In Four-pole High-Pass Butterworth, Determine the center frequency and the Bandwidth of the filter.

To determine the center frequency and bandwidth of the filter, we need to calculate the values of the components in the transfer function and then solve for the cutoff frequency and bandwidth.

The transfer function for a four-pole high-pass Butterworth filter can be expressed as:

H(s) = (s^2 + 1.414s + 1)(s^2 + 1.414s + 1)/(s^2 + 1.848s + 1)(s^2 + 1.848s + 1)

where s is the Laplace variable.

To calculate the cutoff frequency and bandwidth, we need to find the values of the capacitors and resistors in the transfer function. Using the given values, we can find:

C1 = CA1 * CB1 / (CA1 + CB1) = 2.06 pF
C2 = CA2 * CB2 / (CA2 + CB2) = 3.24 pF
R1 = RA1 * RB1 / (RA1 + RB1) = 13.64 kΩ
R2 = RA2 * RB2 / (RA2 + RB2) = 15.29 kΩ

Substituting these values into the transfer function, we get:

H(s) = (s^2 + 1.414s + 1)(s^2 + 1.414s + 1)/(s^2 + 1.848s + 1)(s^2 + 1.848s + 1)
= (s^4 + 2.828s^3 + 3.414s^2 + 2.828s + 1)/(s^4 + 3.696s^3 + 5.414s^2 + 3.696s + 1)

To find the cutoff frequency, we can set H(s) equal to 1/sqrt(2) and solve for s. This gives us:

s = 1.306 - j1.306 or s = -1.306 + j1.306

The cutoff frequency is the magnitude of s, which is approximately 1.846 rad/s.
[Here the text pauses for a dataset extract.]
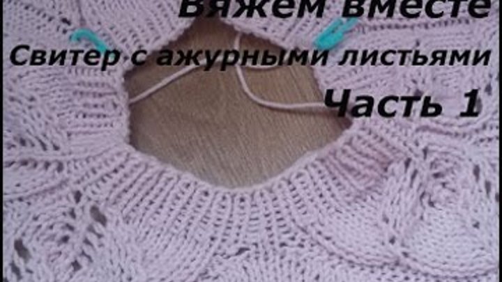 Вяжем вместе/Свитер с ажурными листьями/Регланом сверху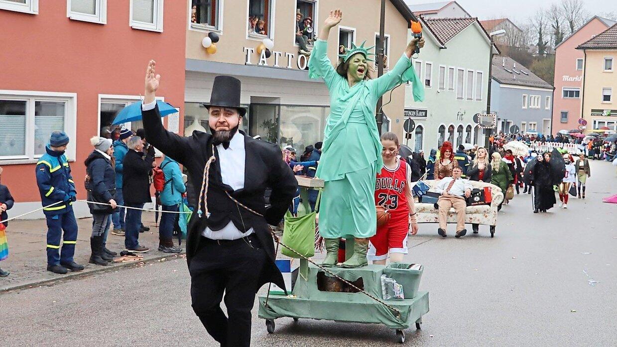 "Make Bogen great again amoi!" hieß es bei den Winklinger Faschingsfreunden, die mit etlichen amerikanischen Persönlichkeiten, Stars und Promis anreisten, darunter Abraham Lincoln, die Freiheitsstatue, gefolgt von Al Bundy.

To find the bandwidth, we can use the formula:

BW = f2 - f1 = (s2 - s1) / (2*pi)

where f1 and f2 are the frequencies at which the magnitude of H(s) is equal to 1/sqrt(2), and s1 and s2 are the corresponding complex frequencies.

Using the values we obtained earlier, we can find:

s1 = -1.306 + j1.306
s2 = 1.306 - j1.306
BW = (s2 - s1) / (2*pi) = 0.462 rad/s

Therefore, the center frequency of the filter is approximately 1.846 rad/s and the bandwidth is approximately 0.462 rad/s.

is it 1.846 for bandwidth?

No, 1.846 is the cutoff frequency of the filter, not the bandwidth. The bandwidth of the filter is approximately 0.462 rad/s.